Advances in Nanoparticle-Based Fabrication Techniques for Infrared Detectors: A Comprehensive Review

Round 1

Reviewer 1 Report

Comments and Suggestions for Authors

This review provides a broad overview of nanoparticle-based fabrication techniques for infrared detectors, covering synthesis, surface engineering, deposition methods, and device architecture. The topic is timely, particularly in light of increasing research efforts toward scalable fabrication routes for infrared detectors with reduced cost and improved integration compatibility. The manuscript provides comprehensive coverage, features a clear logical structure, and demonstrates strong relevance to cutting-edge research as well as engineering applications. However, several issues should be further addressed before the manuscript can be considered for publication.

1. The notation for detectivity should be standardized throughout the manuscript. The manuscript defines detectivity (D*) in the Abstract and further introduces specific detectivity (D*) in Section 3.3. However, in Section 2.1, the manuscript reports performance as “D > 10⁹ Jones,” and Tables 4-6 also use the notation D instead of D* in several entries. Since specific detectivity is a key performance metric for infrared detectors, the notation should be used consistently throughout the manuscript to avoid confusion. In addition, on page 12, the formula for specific detectivity (D*) should be further verified, it should likely be . The authors are encouraged to carefully check and unify the terminology and all symbols in both the main text and tables.
2. Representative HgTe CQD device architectures could be further supplemented. In addition, the current discussion mainly focuses on single-pixel devices. The authors may also refer to recent reports on CQD array architectures to provide a more comprehensive overview of the current progress in this field.

3. All figures should be carefully checked and refined to improve readability. Multiple spelling errors are observed.

4. It is recommended to add critical analysis after the tables. For example, the paragraphs related to Table 2 mainly present a flat summary of the literature results. A “cross-comparative analysis section” could be added (rather than only the table).

5. The conclusion section could be further condensed to emphasize the key takeaways and future perspectives more clearly.

Author Response

Dear Reviewer,

thank you very much for your detailed and insightful comments. They have helped us tremendiously to carefully revise our manuscript. All changes in the manuscript are higlighted in yellow. Please find attached a list of point-by-point responses to your comments.

Kind regards,

AXEL KLEIN

Author Response File: Author Response.pdf

Reviewer 2 Report

Comments and Suggestions for Authors

This manuscript provides a broad overview of nanoparticle-based fabrication techniques for infrared photodetectors, covering colloidal quantum dots, plasmonic nanoparticles, low-dimensional nanostructures, deposition and patterning strategies, device architectures, performance benchmarks, and future research directions. The topic is timely and relevant to the readership of Inorganics, particularly given the rapid development of solution-processable infrared detector materials and their potential for low-cost, large-area, and CMOS-compatible imaging systems.

The manuscript is generally well organized and contains a useful collection of tables and schematic figures. However, in its current form, the review is weakened by several major issues: insufficient critical synthesis, possible reference mismatches, uncritical reporting of extreme performance values, inconsistent notation and equations, and concerns regarding the quality and scientific reliability of AI-generated figures. Substantial revision is required before the manuscript can be considered for publication.

 

 Major Comments

1. AI-generated figures require substantial revision and author verification

The manuscript states that the schematic and conceptual figures were generated using ChatGPT with an integrated AI-based image generation tool. While AI-assisted illustration may be acceptable if fully disclosed and rigorously checked, several figures appear to contain distorted, illegible, or scientifically meaningless text fragments. For example, the roadmap-style figures include labels that are difficult to read or appear nonsensical. This is a serious presentation and scientific-integrity concern, because schematic figures in a review article should accurately guide readers rather than introduce ambiguity.

The authors should replace the AI-generated figures with professionally redrawn, author-verified schematics.
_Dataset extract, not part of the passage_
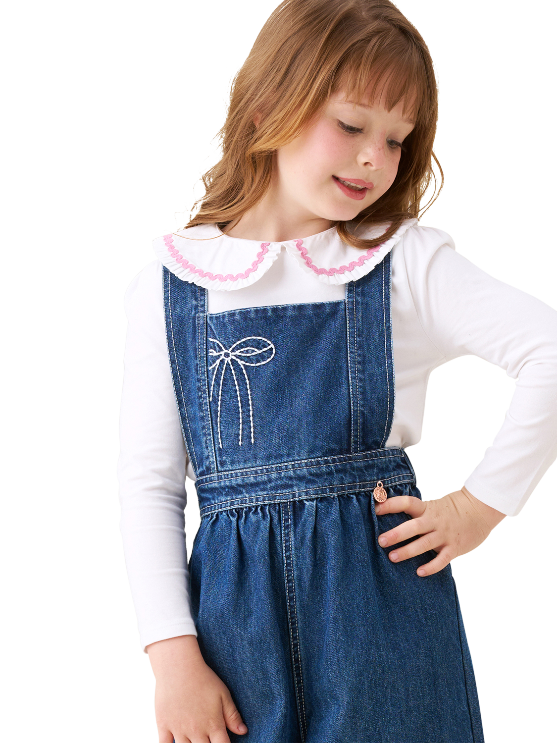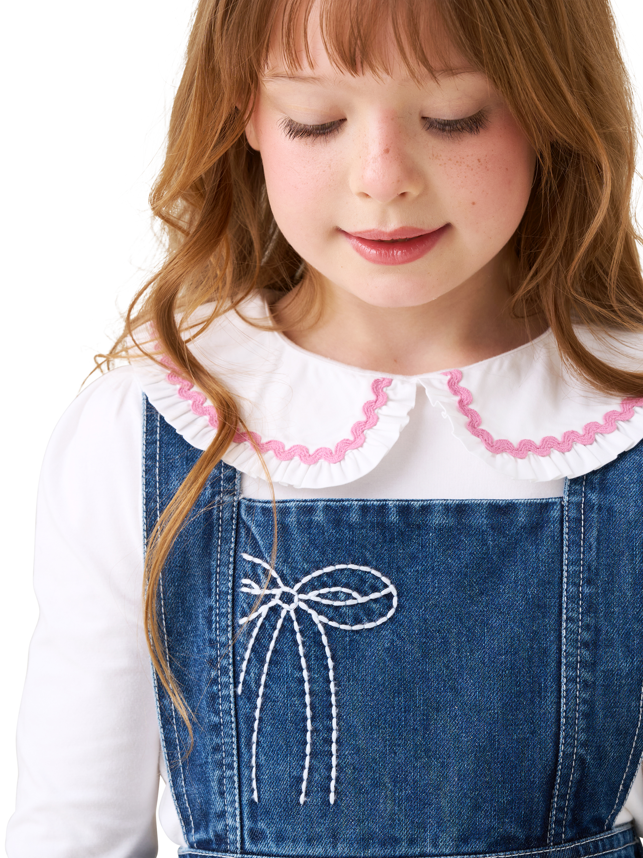 Stylish meets playful with this crisp white statement collar top, featuring frill detail and contrast ric-rac trim. Pair it with our denim dungarees for an effortlessly cool vibe that’s sure to turn heads this season!

Every label, arrow, material name, device structure, and mechanism should be checked manually. The authors should also clarify which figures contain AI-generated elements, what level of human editing was performed, and whether the use of AI-generated images complies with the journal’s editorial policy.
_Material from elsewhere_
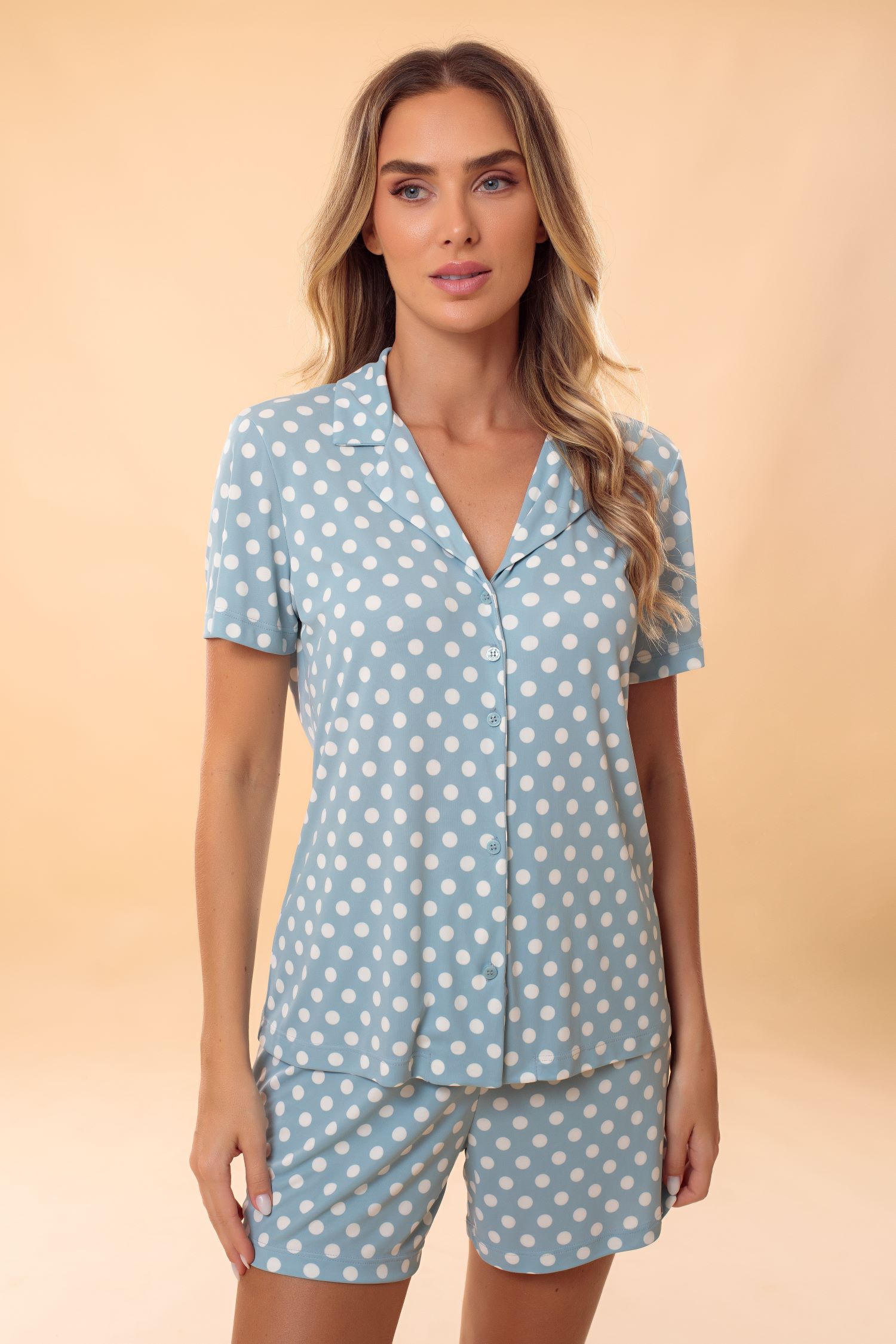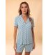 Pijama estilo americano, composto por blusa que lembra uma camisa e short de comprimento confortável. O pijama Carolina é confeccionado em malha leve e macia, a poliamida Plume, também conhecida como ?malha fria?. Este modelo é atemporal e agrada a todos os estilos independente da faixa etária. Além de elegante, o modelo torna-se funcional para mulheres que amamentam, ou que passam por algum procedimento cirúrgico, pois sua abertura facilita o vestir e o despir.

2. Reference accuracy and relevance must be thoroughly audited

Several citations appear to be insufficiently matched to the claims they support. For instance, Reference [123] is cited in the context of graded heterojunction or bulk-barrier structures for dark-current suppression, but the listed reference concerns hole subbands in quantum wells using the Luttinger–Kohn Hamiltonian. Similarly, References [74] and [75] are used to support spin-coating and electrophoretic-deposition claims, but they appear to refer to aerosol-jet printing of graphene/carbon nanotubes and spin coating of silica nanocolloids on mica, respectively. These references do not directly support the specific claims made for nanoparticle-based IR detector fabrication.

The authors should systematically check every in-text citation and ensure that each reference directly supports the associated statement. This is especially important for performance benchmarks, detector architectures, fabrication methods, and claims of state-of-the-art progress.

3. Review methodology should be clarified

Since the manuscript is presented as a comprehensive review, the literature-selection strategy should be described more clearly. The authors should state which databases were searched, the approximate time range covered, the keywords used, and the criteria for including or excluding studies. In addition, the manuscript should explain how “state-of-the-art” results were selected for the comparison tables. Without this information, the review appears selective rather than systematic.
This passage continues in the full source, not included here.